Figure 1: Truncation robustness of open text encoders with and without MRL shows no significant difference except at extreme (≥80%) truncation.
Figure 2: Relative robustness of smaller models (∼400M parameters) as embedding size is reduced.
The empirical findings demonstrate that across all baseline models — regardless of MRL intervention — embedding truncation up to approximately 70-80% of the original dimensionality incurs minimal performance degradation for both retrieval and classification. Only under severe size reduction (≥80% truncated) does MRL offer perceptible benefit, and even then, primarily in smaller models or certain domains.
Controlled Training Experiments
To isolate the effect of MRL, the authors fine-tune pairs of encoder architectures (BERT, RoBERTa in base and large sizes; T5 base encoder) under a contrastive objective, once with standard contrastive loss and once with an MRL-augmented objective. Training and validation are kept constant (SNLI+MultiNLI), with convergence verified.
Figure 3: Downstream benchmark performance of encoder pairs trained with and without MRL; non-MRL models consistently outperform until heavy truncation.
Across all architectures and benchmarks, randomly truncated non-MRL models equal or surpass their MRL-trained counterparts in downstream accuracy up to the 80% truncation threshold, after which performance for non-MRL models degrades more sharply. This result directly refutes any blanket claim that MRL universally enhances robustness at all truncation levels.
Structural and Statistical Insights
Further analysis explores the distribution of information across embedding dimensions. MRL-trained models display increased variance in the lower dimensions relative to non-MRL baselines, as measured by standard deviation across encoded text batches.
Figure 4: Standard deviation across embedding dimensions for BERT base with/without MRL; MRL injects higher variance in the lowest dimensions.
This phenomenon indicates that MRL induces a form of information packing or compression into the truncated (typically lower) subspaces, directly supporting its utility under heavy truncation scenarios. However, outside these high-compression regimes, this property may be redundant or even interfere with optimal performance on less heavily truncated embeddings.
Numerical Results and Robustness Patterns
Consistent trends are observed in both absolute and relative performance metrics across datasets and model sizes, reinforcing the central claim. In both NanoBEIR and MTEB, larger encoder models naturally exhibit smoother degradation under truncation — a further argument against the necessity of MRL except in the most aggressive compression settings.
Additional supporting results can be found in aggregate and per-dataset analyses:
Figure 5: Absolute performance of smaller models at varying truncation levels.
Figure 6: Absolute performance of larger models at varying truncation levels.
Theoretical and Practical Implications
The findings cast doubt on the general efficacy of allocating model and training complexity to MRL when moderate dimensionality reductions suffice.

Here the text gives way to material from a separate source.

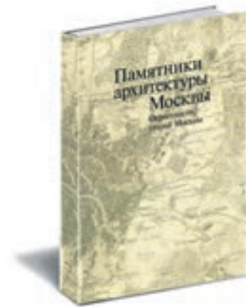
Памятники архитектуры Москвы. Окрестности старой Москвы/ Науч. ред. А. И. Комеч. М.: Искусство—XXI век, 2007.

Монография об истории крупнейшей в стране училища дизайна. Оно было создано в 1825 году по инициативе графа Строганова как «Школа рисовальная в отношении к искусствам и ремеслам». После революции Строгановку назвали ВХУТЕМАС (Высшие художественно-технические мастерские). Авторы книги сосредоточились в основном на ее истории советского периода. В монографии рассказывается о знаменитых выпускниках, о смене тенденций в советском дизайне, развитии, учебно-методических принципах школы и вызовах, которые стоят перед Московской государственной художественно-промышленной академией — так называется Строгановка сегодня.
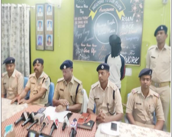
गिरफ्तार अपराधी व पैसे को जानकारी देती पुलिस।

दिल्ली के करोलबाग में रहने वाले एक स्वर्ण व्यापारी के अपार्टमेंट से करोड़ों रुपये की चोरी कर राउरकेला जा रहे एक शक्तिर को पुलिस ने बुधवार देर रात एक निजी बस से गिरफ्तार कर लिया जबकि उसके दो साथी भाग निकलने में कामयाब रहे। आज करीब सात घंटे तक बैगों व ट्रॉली बैग से मिली राशि की गिनती बैंक कर्मियों द्वारा की गई, जिसमें कुल 6 करोड़ 53 लाख 97 हजार 730 रुपये थे। राशि को जब्त कर लिया गया। गिरफ्तार आरोपित को गुमला जेल भेज दिया गया है।

The robustness of modern (contrastively trained) embeddings to simple deterministic truncation suggests an inherent efficiency in current representation learning objectives and architectures. MRL’s benefit is confined to extreme dimensionality constraints, as might be crucial for edge deployment or high-volume query scenarios. The implication is that MRL should only be considered when targeting vector size reductions above 80%, or where predictable compression points are crucial.
Compression strategies that rely solely on random truncation retain higher overall downstream efficacy across a wide truncation spectrum and avoid the computational/tuning overheads associated with MRL training, provided heavy truncation is not required.

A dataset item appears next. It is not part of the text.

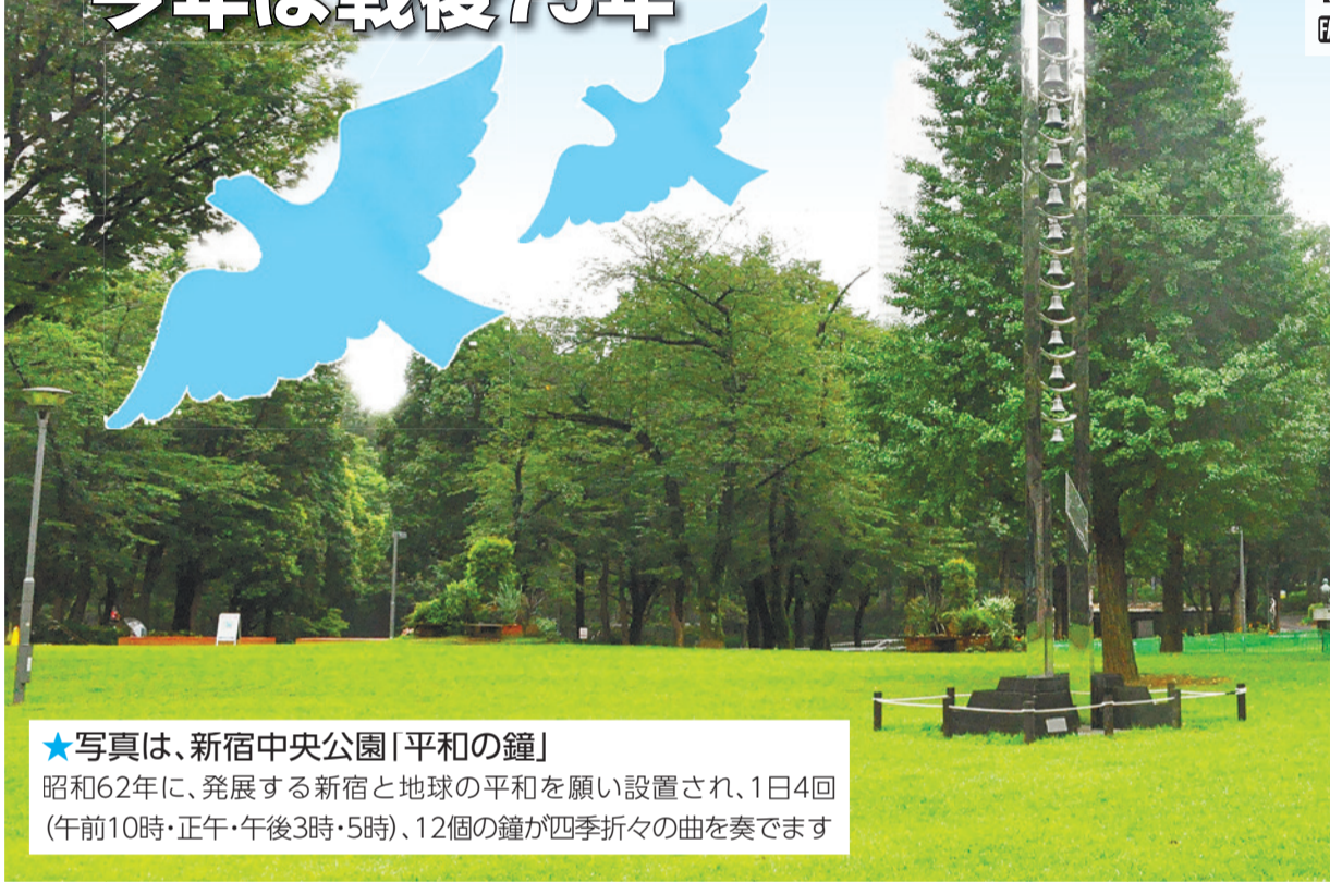
★写真は、新宿中央公園「平和の鐘」 昭和62年に、発展する新宿と地球の平和を願い設置され、1日4回(午前10時・正午・午後3時・5時)、12個の鐘が四季折々の曲を奏でます

今日8月15日、終戦から75年が経過しました。空襲により、新宿区も約8割の地域が焼き尽くされ、がれきのまちと化しました。 これらの悲惨な出来事を風化させず、平和な世界を築き上げるためにも、私たち一人一人が常に平和の尊さを認識し、その大切さをともに考えなければなりません。次の世代に二度と引き起こしてはならない戦争の悲惨さと平和の大切さを語り継いでいきましょう。 【問合せ】総務課総務係(本庁舎3階) ☎(5273)3505・☎(3209)9947へ。

Beyond practical model deployment, this challenges the assumption that information is evenly or usefully distributed across dimension order in MRL-trained models, and raises the possibility of hybrid approaches or novel objectives that promote more uniform information distribution across all dimensions.
Future Directions
Potential research avenues include:
- Designing new objectives that promote robust, truncation-insensitive embeddings across a flexible range of dimensionalities, not just those predetermined at training time.
- Extending controlled experiments to larger-scale models and more diverse training datasets to generalize the findings.

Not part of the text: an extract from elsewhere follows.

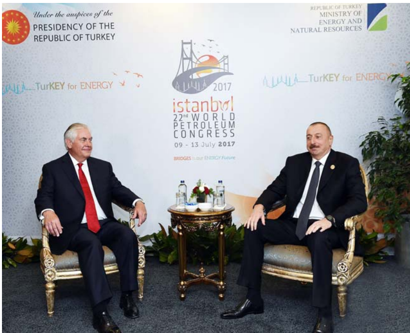
ABŞ-ın dövlət katibi Reks Tillerson ilə görüş

Söhbət zamanı, həmçinin ölkəmizdə həyata keçirilən siyasi və iqtisadi islahatlar, demokratiyanın inkişafı ilə bağlı məsələlər müzakirə edilib.
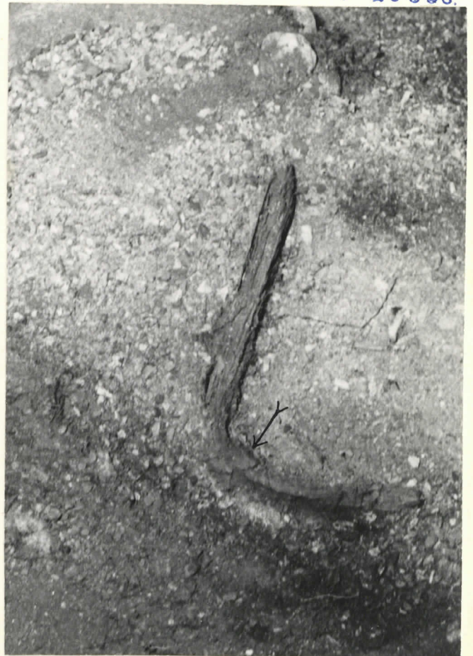
3. Veitri paikallaan maassa. Terän kummallakin puolella erottuvat saattalevyt lienevät juuren heloja. Nuolen osoittamassa kohdassa kahvan rengas.

- Exploring regularization or architectural interventions that achieve the perceived information compaction of MRL without the drawbacks observed at moderate truncation levels.
Additionally, understanding whether increasing lower-dimension variance (as induced by MRL) can be beneficial for other downstream properties — e.g., interpretability, transfer, or task-specific adaptation — remains an open question.
Conclusion
This work demonstrates that text embedding models, when trained with standard contrastive objectives, are robust to truncation up to substantial levels, obviating the need for Matryoshka Representation Learning except under scenarios of very high (≥80%) dimensionality reduction. The empirical evidence is robust across model sizes, tasks, and architectures.
Only under severe compression does MRL's induced information compaction in lower embedding dimensions confer measurable advantages. For most practical scenarios, especially those requiring moderate compression, random or deterministic truncation of non-MRL embeddings achieves competitive or superior results. These findings suggest that research on embedding compression might more productively focus on general-purpose robustness and efficient truncation strategies beyond the MRL paradigm, and motivate new approaches to embedding design under resource constraints.
(2605.16608)